SPD-Gesundheitsexperte Karl Lauterbach sagte dagegen der „Bild“-Zeitung: „Wir brauchen unterschiedliche Beiträge, damit sich die Bürger gezielt für die beste Kasse entscheiden können.“ Es sei nicht sinnvoll, wenn mehr als 100 Kassen den gleichen Beitragssatz hätten. Auch Fraktionsvizechefin Elke Ferner forderte ein Zurück zur Beitragsautonomie. Die SPD rüttelt damit an einem Grundpfeiler des Gesundheitsfonds, den sie gemeinsam mit der CDU/CSU vor vier Jahren eingeführt hatte. Ähnlich hatten sich zuvor große Krankenkassen wie die Barmer GEK geäußert.

Mit Einführung des Gesundheitsfonds im Jahr 2009 wurde ein bundesweit einheitlicher Beitragssatz festgelegt. Die Beiträge fließen zusammen mit Steuermitteln in den Fonds und werden von dort nach einem Schlüssel an die einzelnen Kassen verteilt. Diese wiederum müssen mit dem Geld auskommen oder Zusatzbeiträge einfordern. Die schwarz-gelbe Koalition fror den allgemeinen Beitragssatz im Jahr 2010 ein.

Der Gesundheitsfonds wies zum Halbjahr ungewöhnlich hohe Rücklagen von mehr als elf Milliarden Euro aus. Bei den Kassen selbst schlummerten Reserven von 16,6 Milliarden Euro. Bei den Politikern weckt dies Begehrlichkeiten. So hatte Bundesfinanzminister Wolfgang Schäuble (CDU) den Bundeszuschuss bereits um 3,5 Milliarden Euro auf 10,5 Milliarden Euro gekürzt. Die Kassen fürchten, dass eine künftige Regierung mit Blick auf die hohen Reserven noch einmal Geld aus dem Fonds abzapfen könnte – zumal CDU und SPD im Vorfeld der Sondierungsgespräche von Steuererhöhungen abgerückt sind.

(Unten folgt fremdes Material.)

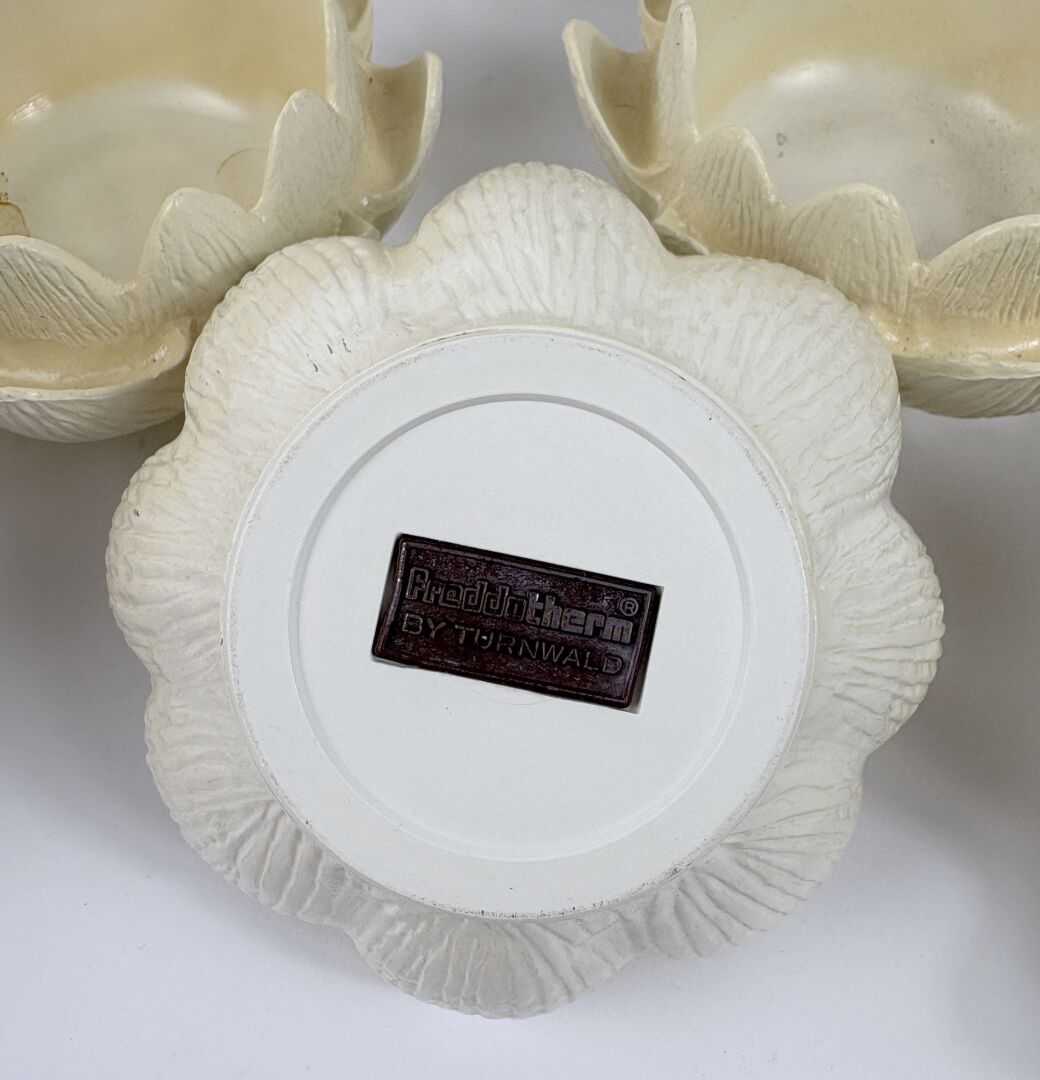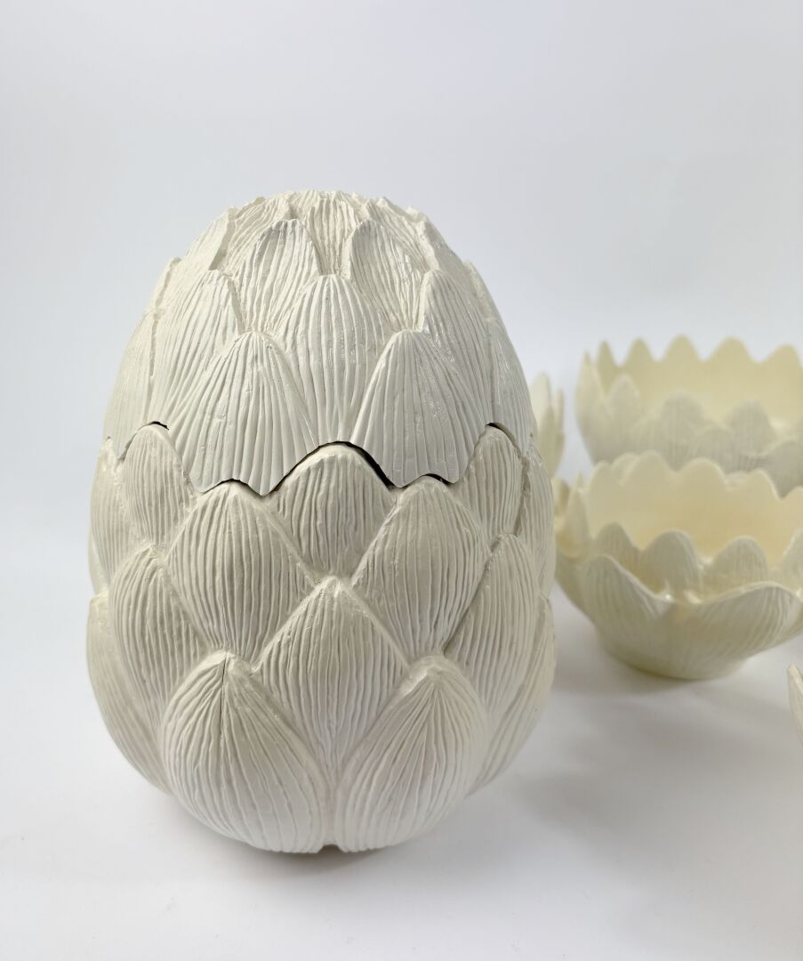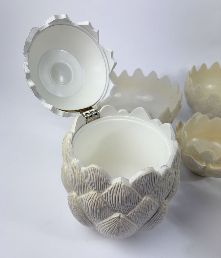 Service à artichauts en résine comprenant deux petits saladiers, une poubelle de table, et six ramequins

Die finanziellen Risiken der Kassen im nächsten Jahr dürften bei den Beratungen des sogenannten Schätzerkreises deshalb nicht künstlich kleingerechnet werden, hatte der Vizechef des Spitzenverbands der gesetzlichen Krankenversicherung (GKV), Johann-Magnus von Stackelberg, gewarnt. Der Schätzerkreis aus Bundesversicherungsamt, Gesundheitsministerium und Kassen prognostiziert die Einnahmen und Ausgaben im Gesundheitswesen, nach denen sich auch die Zuweisungen an die Kassen richten. Die Kassen verweisen auf steigende Ausgaben in den nächsten Jahren. Schon 2014 sehen sie höhere Ausgaben auf sich zukommen, da der milliardenschwere Zwangsrabatt bei Arzneien entfällt.